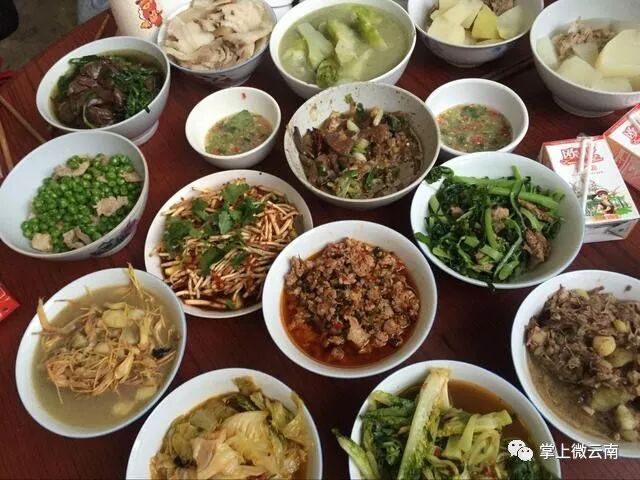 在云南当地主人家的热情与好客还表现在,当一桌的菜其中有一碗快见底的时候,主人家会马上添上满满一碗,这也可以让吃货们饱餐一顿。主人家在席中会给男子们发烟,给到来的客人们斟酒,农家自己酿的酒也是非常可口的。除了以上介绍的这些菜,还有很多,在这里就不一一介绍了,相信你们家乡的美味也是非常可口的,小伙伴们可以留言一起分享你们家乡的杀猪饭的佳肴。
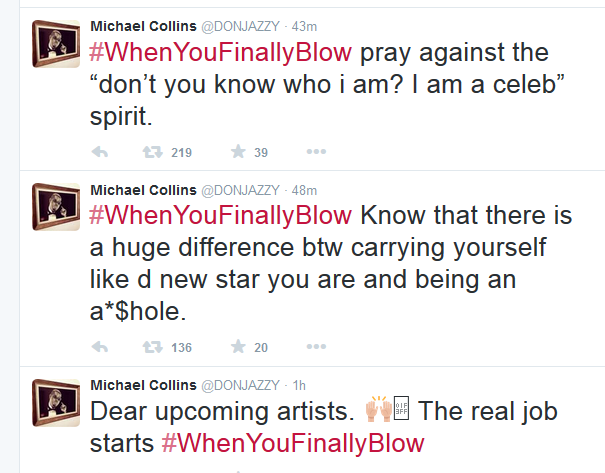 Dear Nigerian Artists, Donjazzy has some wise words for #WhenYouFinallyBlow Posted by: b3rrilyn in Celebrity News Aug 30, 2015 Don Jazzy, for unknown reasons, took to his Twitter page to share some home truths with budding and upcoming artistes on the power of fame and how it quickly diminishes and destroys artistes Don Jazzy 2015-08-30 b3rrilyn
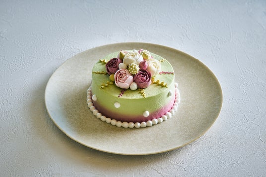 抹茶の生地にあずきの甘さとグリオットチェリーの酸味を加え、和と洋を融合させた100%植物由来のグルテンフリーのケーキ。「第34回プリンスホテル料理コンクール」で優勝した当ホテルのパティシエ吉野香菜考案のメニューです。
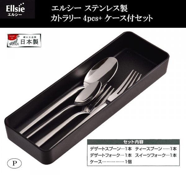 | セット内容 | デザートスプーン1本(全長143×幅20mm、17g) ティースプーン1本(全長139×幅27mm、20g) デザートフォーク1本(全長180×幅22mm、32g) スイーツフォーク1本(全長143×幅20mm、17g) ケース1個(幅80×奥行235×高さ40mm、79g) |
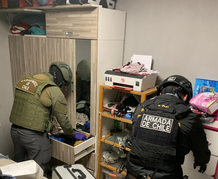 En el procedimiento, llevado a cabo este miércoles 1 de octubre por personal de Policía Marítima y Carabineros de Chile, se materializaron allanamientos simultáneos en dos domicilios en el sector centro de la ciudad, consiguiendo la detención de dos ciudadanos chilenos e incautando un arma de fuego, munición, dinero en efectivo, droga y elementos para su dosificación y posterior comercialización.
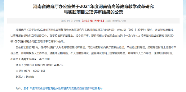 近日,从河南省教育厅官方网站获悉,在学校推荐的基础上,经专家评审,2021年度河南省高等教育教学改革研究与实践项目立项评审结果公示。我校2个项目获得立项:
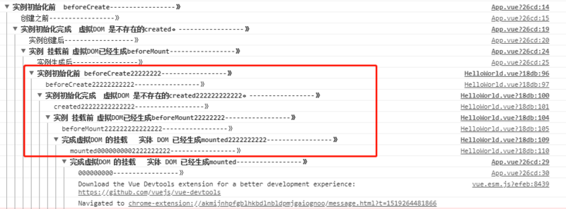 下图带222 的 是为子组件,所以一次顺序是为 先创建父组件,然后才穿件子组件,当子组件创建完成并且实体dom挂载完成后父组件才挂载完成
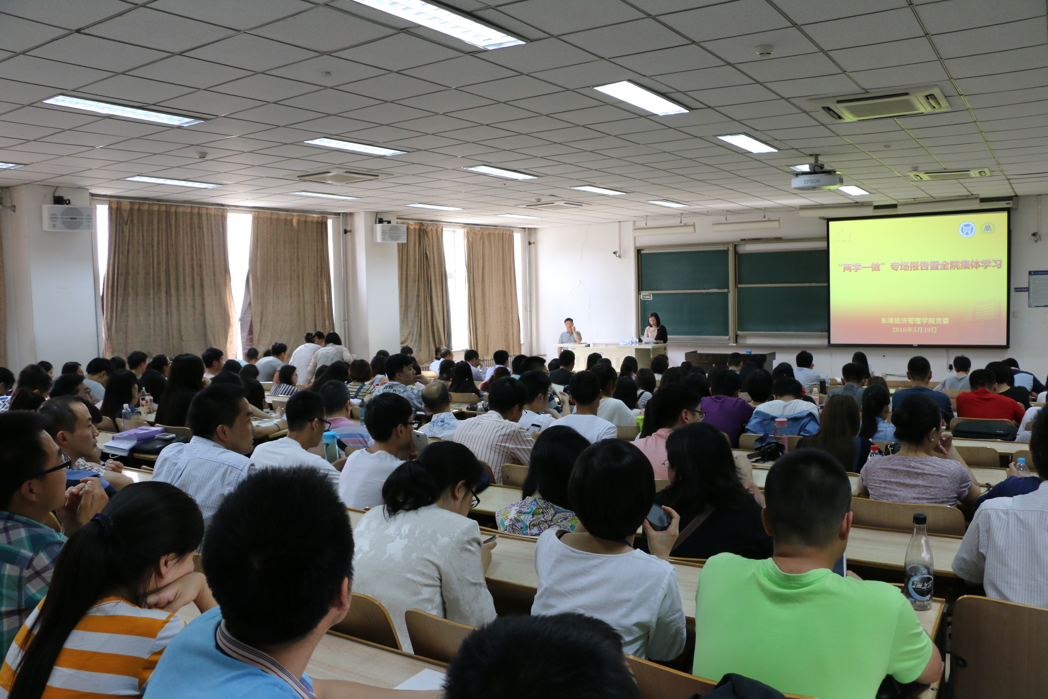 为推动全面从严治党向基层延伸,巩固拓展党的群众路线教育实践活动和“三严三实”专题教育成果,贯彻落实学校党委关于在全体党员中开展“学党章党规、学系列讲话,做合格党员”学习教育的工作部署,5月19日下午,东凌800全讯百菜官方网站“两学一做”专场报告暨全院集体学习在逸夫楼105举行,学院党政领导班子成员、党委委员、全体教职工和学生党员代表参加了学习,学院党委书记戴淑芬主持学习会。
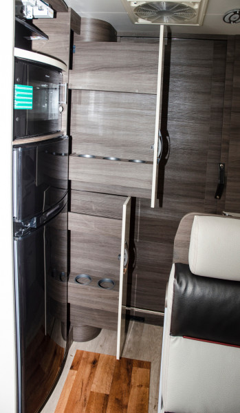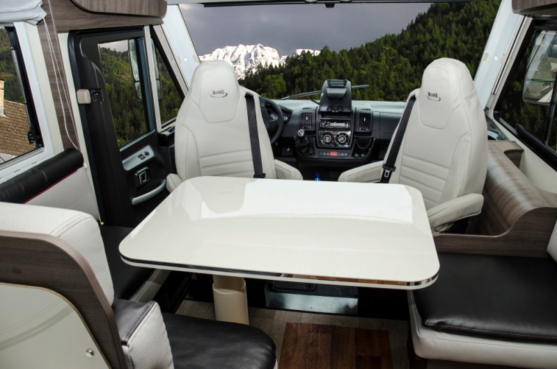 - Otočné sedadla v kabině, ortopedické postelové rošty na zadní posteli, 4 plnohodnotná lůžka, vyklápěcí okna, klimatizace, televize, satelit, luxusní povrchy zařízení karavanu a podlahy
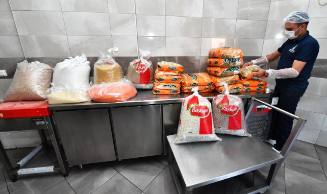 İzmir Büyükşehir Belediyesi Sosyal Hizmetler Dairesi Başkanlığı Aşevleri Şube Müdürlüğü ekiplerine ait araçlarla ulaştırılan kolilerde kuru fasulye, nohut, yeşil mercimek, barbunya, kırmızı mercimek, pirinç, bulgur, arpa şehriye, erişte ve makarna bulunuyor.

==

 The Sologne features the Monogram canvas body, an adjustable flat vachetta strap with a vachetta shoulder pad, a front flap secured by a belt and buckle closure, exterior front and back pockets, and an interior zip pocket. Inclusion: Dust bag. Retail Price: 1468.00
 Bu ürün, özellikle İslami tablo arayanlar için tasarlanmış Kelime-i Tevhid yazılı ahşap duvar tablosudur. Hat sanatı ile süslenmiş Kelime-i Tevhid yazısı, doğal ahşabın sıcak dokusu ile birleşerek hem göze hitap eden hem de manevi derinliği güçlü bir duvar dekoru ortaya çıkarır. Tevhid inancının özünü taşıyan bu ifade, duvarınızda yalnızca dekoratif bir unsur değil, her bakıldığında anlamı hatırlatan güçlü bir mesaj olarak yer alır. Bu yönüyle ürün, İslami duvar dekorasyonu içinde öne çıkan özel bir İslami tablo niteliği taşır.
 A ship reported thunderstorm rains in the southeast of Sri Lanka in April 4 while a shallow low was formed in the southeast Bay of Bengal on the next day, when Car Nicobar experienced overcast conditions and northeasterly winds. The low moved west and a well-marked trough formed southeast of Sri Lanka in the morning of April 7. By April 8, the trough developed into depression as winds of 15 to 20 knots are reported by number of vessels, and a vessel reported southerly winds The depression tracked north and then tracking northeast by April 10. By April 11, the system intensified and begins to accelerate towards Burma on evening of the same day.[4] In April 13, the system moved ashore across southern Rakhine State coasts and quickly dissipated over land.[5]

* * *

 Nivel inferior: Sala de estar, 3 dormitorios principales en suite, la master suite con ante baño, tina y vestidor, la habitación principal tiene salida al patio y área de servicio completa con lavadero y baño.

_What the exercise asks:_ With the pictures left out, write out exactly the lines above from the one containing "Dear Nigerian Artists, Donjazzy" through the one containing "下图带222 的 是为子组件,所以一次顺序是为".

_Solution to this exercise:_
 Dear Nigerian Artists, Donjazzy has some wise words for #WhenYouFinallyBlow Posted by: b3rrilyn in Celebrity News Aug 30, 2015 Don Jazzy, for unknown reasons, took to his Twitter page to share some home truths with budding and upcoming artistes on the power of fame and how it quickly diminishes and destroys artistes Don Jazzy 2015-08-30 b3rrilyn
 抹茶の生地にあずきの甘さとグリオットチェリーの酸味を加え、和と洋を融合させた100%植物由来のグルテンフリーのケーキ。「第34回プリンスホテル料理コンクール」で優勝した当ホテルのパティシエ吉野香菜考案のメニューです。
 | セット内容 | デザートスプーン1本(全長143×幅20mm、17g) ティースプーン1本(全長139×幅27mm、20g) デザートフォーク1本(全長180×幅22mm、32g) スイーツフォーク1本(全長143×幅20mm、17g) ケース1個(幅80×奥行235×高さ40mm、79g) |
 En el procedimiento, llevado a cabo este miércoles 1 de octubre por personal de Policía Marítima y Carabineros de Chile, se materializaron allanamientos simultáneos en dos domicilios en el sector centro de la ciudad, consiguiendo la detención de dos ciudadanos chilenos e incautando un arma de fuego, munición, dinero en efectivo, droga y elementos para su dosificación y posterior comercialización.
 近日,从河南省教育厅官方网站获悉,在学校推荐的基础上,经专家评审,2021年度河南省高等教育教学改革研究与实践项目立项评审结果公示。我校2个项目获得立项:
 下图带222 的 是为子组件,所以一次顺序是为 先创建父组件,然后才穿件子组件,当子组件创建完成并且实体dom挂载完成后父组件才挂载完成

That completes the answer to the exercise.